*** DATASET EXCERPTS Section Begins ***

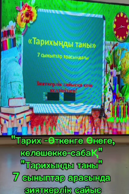 “Тарих - өткенге өнеге,келешекке -сабақ”атты тарих апталығының онкүндік аясындағы 7 сыныптар арасында “Тарихыңды таны” атты зияткерлік сайысы өтті.Тарих пәнінің мұғалімдері Терлекбаева Перизат Адилакыновна және Минахунова Керімхан Изетаевна
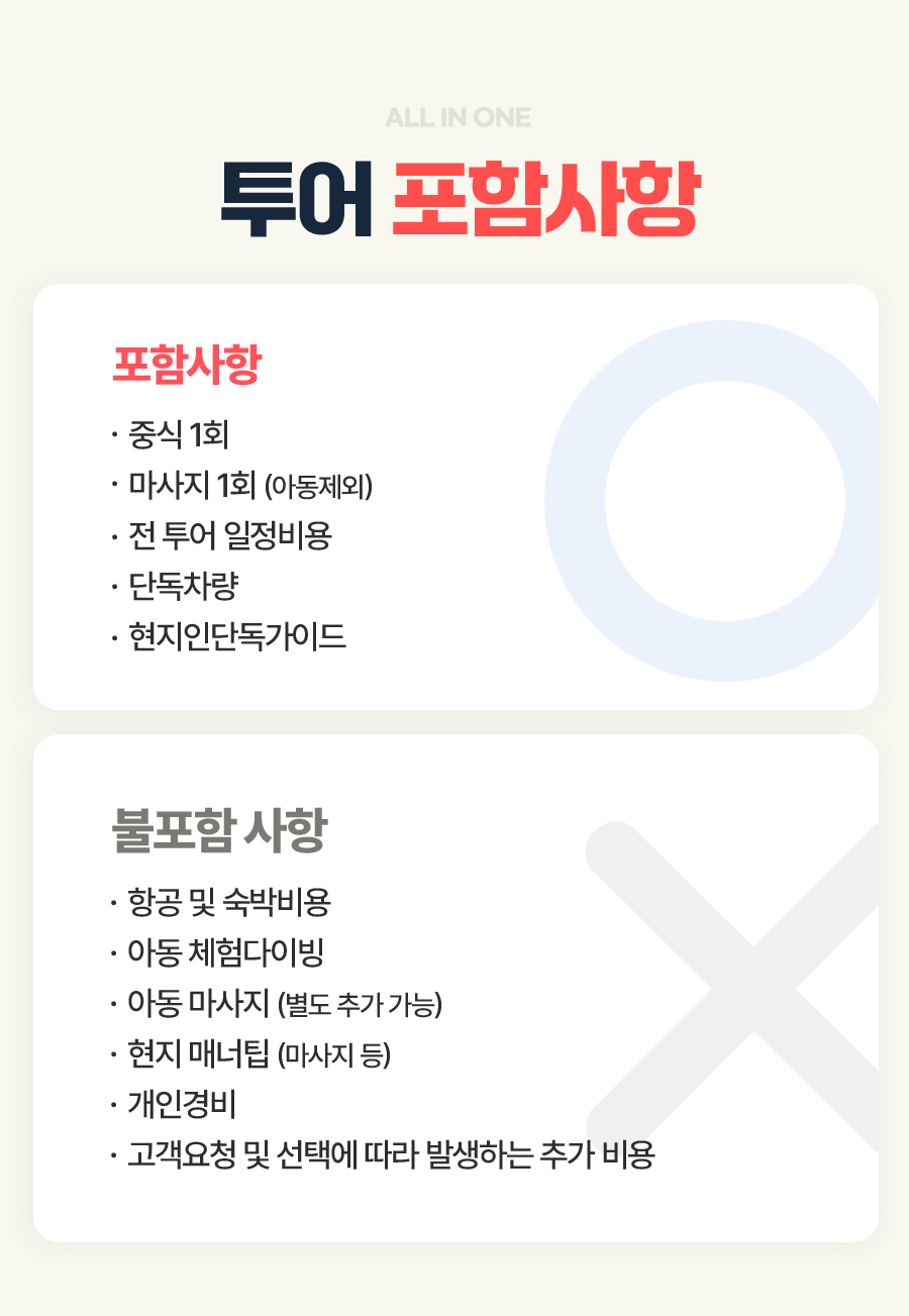 무료제공 다이빙 장비 (다이빙수트,산소통등) , 전신마사지 90분 (오일 또는 드라이 선택 가능) , 망고, 1인 1컵라면, 1인당 1타월
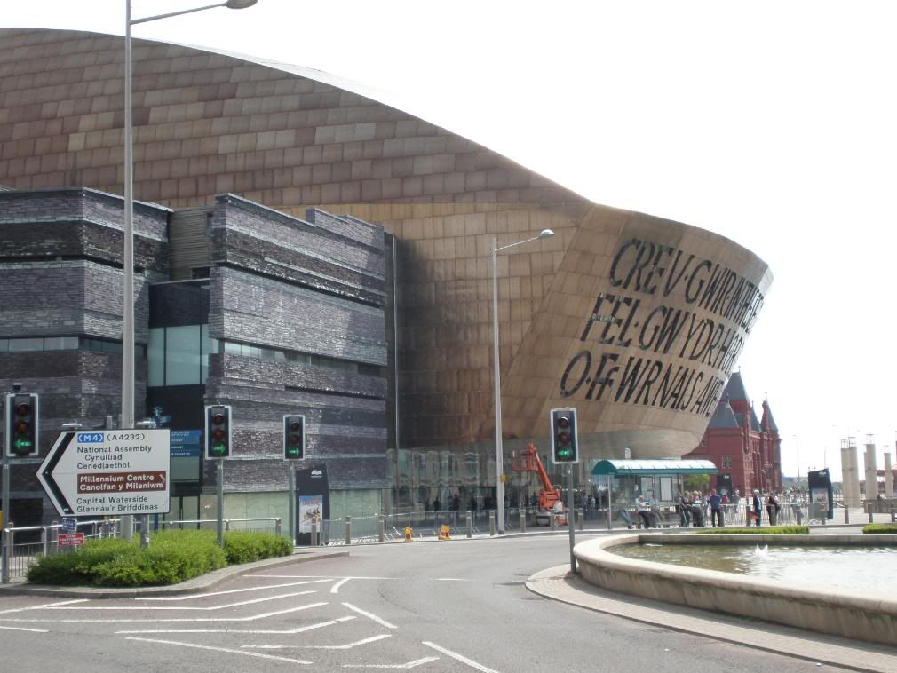 Our lunch stop was out at the bay. After our peri chicken lunch at Nando’s, a few of us visited the Welsh National Assembly. It was a very modern looking building, but there was no information about what goes on there and how the Welsh government operates, though Tecwyn did provide the basics. Before boarding the coach, we walked by the slate and copper covered Millennium Building, which houses musical and theatrical performances.
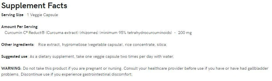 Съставки: Curcumin C³ Reduct® (екстракт от куркума) (Curcuma longa Linn)
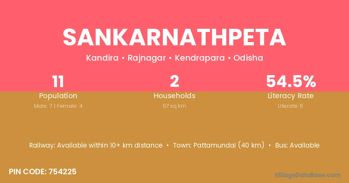 Sankarnathpeta village has a total population of 11 people, of which 7 are males and 4 are females.

*** DATASET EXCERPTS Section Ends ***

**WHAT IS REQUIRED:**
Please retype, exactly and with the pictures left out, the lines from the line containing "Our lunch stop" through the last line of the records above.

**REPLY TO THE TASK:**
 Our lunch stop was out at the bay. After our peri chicken lunch at Nando’s, a few of us visited the Welsh National Assembly. It was a very modern looking building, but there was no information about what goes on there and how the Welsh government operates, though Tecwyn did provide the basics. Before boarding the coach, we walked by the slate and copper covered Millennium Building, which houses musical and theatrical performances.
 Съставки: Curcumin C³ Reduct® (екстракт от куркума) (Curcuma longa Linn)
 Sankarnathpeta village has a total population of 11 people, of which 7 are males and 4 are females.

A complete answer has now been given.